- DIRECTIONS
Look below for the line containing "标题:期货公司观点汇总一张图"; from there through the line containing "- 필터링된 캐릭터 태그는", both lines included, please set down each line exactly and nothing else.

- MATERIAL PROVIDED
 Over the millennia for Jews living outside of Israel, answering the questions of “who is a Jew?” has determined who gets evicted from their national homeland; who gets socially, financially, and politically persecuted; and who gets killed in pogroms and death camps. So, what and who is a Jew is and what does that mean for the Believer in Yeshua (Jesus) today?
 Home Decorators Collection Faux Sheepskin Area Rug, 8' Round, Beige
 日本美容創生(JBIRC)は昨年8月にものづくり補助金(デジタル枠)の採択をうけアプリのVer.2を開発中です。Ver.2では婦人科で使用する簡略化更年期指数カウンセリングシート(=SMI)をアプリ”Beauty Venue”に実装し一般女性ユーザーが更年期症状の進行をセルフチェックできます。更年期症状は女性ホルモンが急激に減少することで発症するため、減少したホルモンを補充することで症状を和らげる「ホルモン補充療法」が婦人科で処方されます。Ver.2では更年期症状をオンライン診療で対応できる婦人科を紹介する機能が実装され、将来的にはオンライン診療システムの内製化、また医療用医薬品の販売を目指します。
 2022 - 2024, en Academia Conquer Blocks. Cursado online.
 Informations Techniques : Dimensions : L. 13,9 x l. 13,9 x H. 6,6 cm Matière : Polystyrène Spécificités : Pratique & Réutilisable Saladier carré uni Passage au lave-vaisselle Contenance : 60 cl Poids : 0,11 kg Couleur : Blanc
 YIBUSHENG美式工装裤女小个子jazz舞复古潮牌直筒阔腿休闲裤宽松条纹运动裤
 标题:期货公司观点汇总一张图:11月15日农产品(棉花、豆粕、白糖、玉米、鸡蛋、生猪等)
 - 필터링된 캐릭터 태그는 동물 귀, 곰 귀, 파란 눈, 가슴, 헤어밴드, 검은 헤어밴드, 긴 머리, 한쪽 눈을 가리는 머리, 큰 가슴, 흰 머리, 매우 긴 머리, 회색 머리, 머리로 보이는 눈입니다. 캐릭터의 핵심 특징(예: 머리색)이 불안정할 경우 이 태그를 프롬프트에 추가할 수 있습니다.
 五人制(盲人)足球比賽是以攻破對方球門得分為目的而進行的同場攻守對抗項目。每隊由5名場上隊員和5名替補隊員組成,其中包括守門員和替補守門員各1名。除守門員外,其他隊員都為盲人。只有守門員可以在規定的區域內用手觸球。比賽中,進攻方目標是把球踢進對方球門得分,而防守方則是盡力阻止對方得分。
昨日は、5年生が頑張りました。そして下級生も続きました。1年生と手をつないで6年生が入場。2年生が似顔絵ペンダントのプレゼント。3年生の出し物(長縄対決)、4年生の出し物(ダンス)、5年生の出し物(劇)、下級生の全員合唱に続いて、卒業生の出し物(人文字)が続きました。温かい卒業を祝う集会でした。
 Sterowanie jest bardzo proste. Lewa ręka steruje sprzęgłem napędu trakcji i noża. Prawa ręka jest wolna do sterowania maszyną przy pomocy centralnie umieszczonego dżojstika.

--

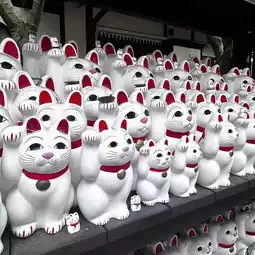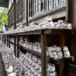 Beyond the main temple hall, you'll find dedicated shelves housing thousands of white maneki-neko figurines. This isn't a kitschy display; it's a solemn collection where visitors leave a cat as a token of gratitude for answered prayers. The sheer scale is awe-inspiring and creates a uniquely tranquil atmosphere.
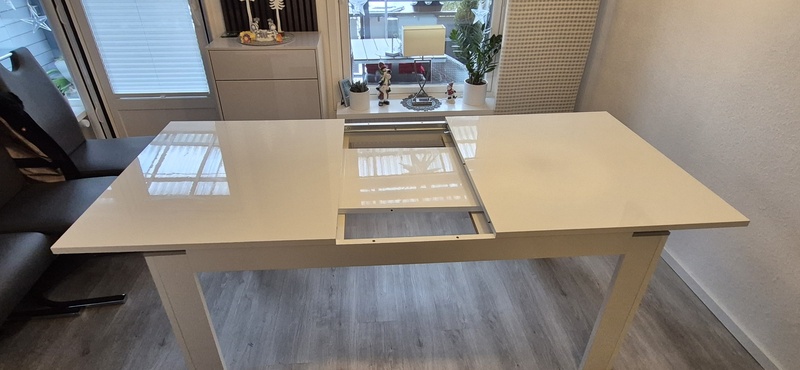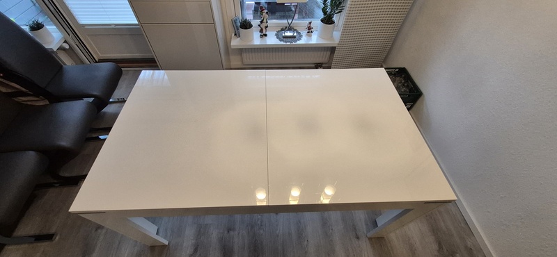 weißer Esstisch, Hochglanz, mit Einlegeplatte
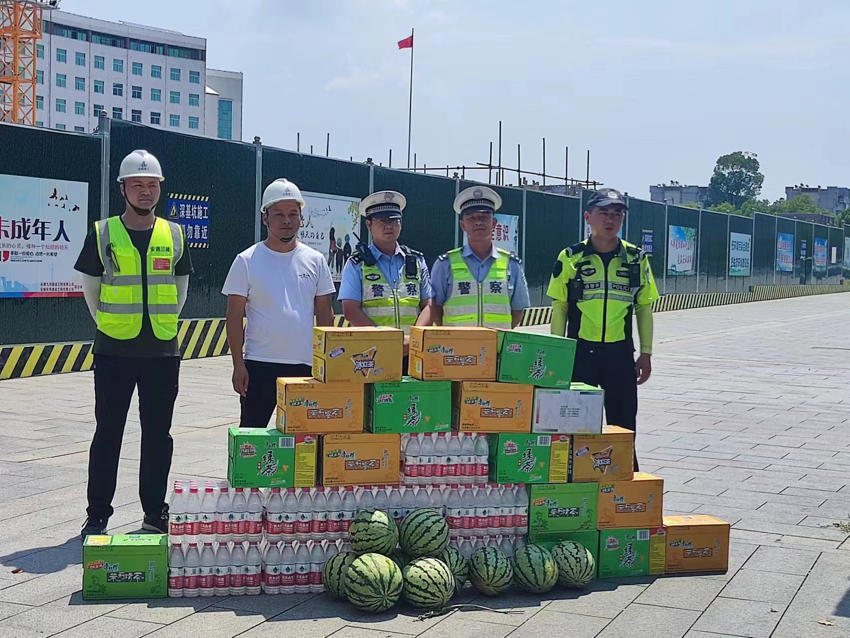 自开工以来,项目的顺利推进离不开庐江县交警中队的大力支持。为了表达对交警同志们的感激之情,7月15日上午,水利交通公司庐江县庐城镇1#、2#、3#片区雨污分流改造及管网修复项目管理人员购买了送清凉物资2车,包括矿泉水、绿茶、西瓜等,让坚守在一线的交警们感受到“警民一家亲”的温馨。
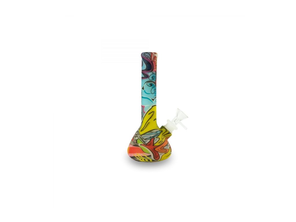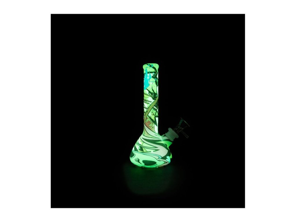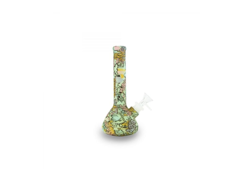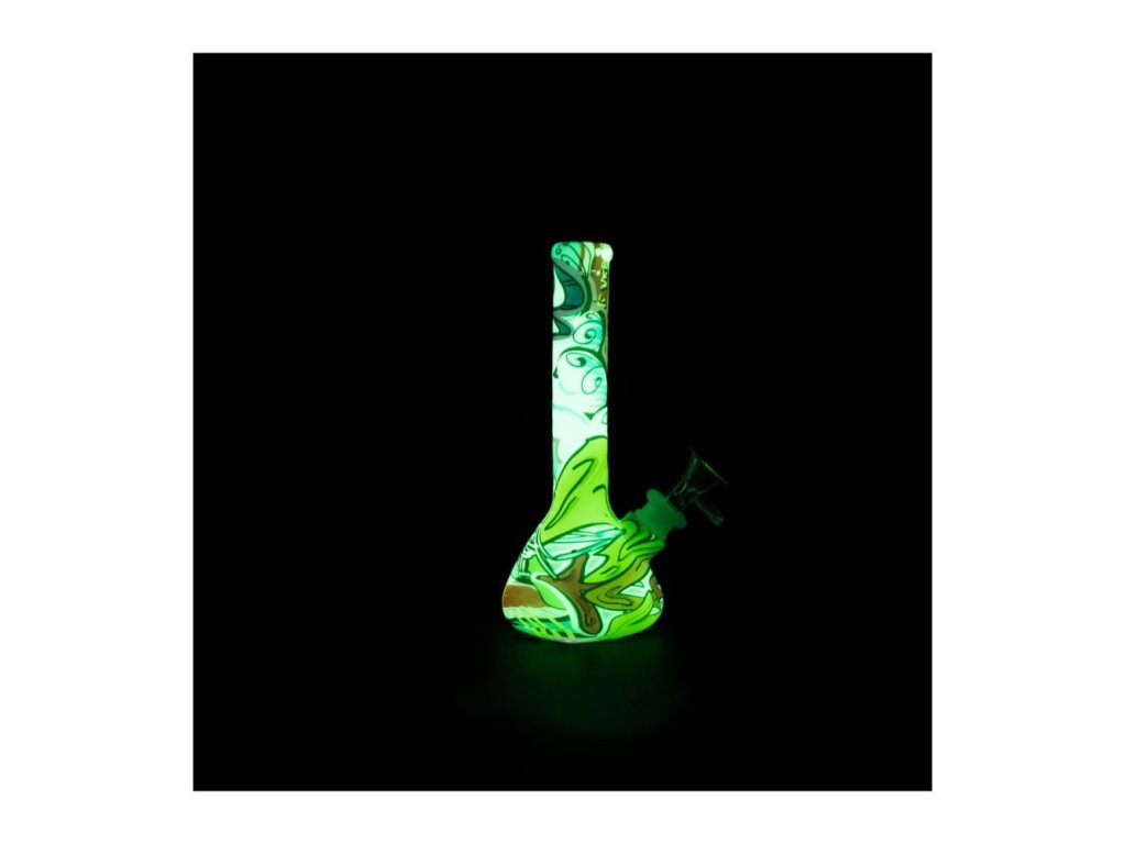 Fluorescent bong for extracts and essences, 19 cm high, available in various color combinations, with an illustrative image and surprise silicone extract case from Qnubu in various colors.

- SOLUTION
 标题:期货公司观点汇总一张图:11月15日农产品(棉花、豆粕、白糖、玉米、鸡蛋、生猪等)
 - 필터링된 캐릭터 태그는 동물 귀, 곰 귀, 파란 눈, 가슴, 헤어밴드, 검은 헤어밴드, 긴 머리, 한쪽 눈을 가리는 머리, 큰 가슴, 흰 머리, 매우 긴 머리, 회색 머리, 머리로 보이는 눈입니다. 캐릭터의 핵심 특징(예: 머리색)이 불안정할 경우 이 태그를 프롬프트에 추가할 수 있습니다.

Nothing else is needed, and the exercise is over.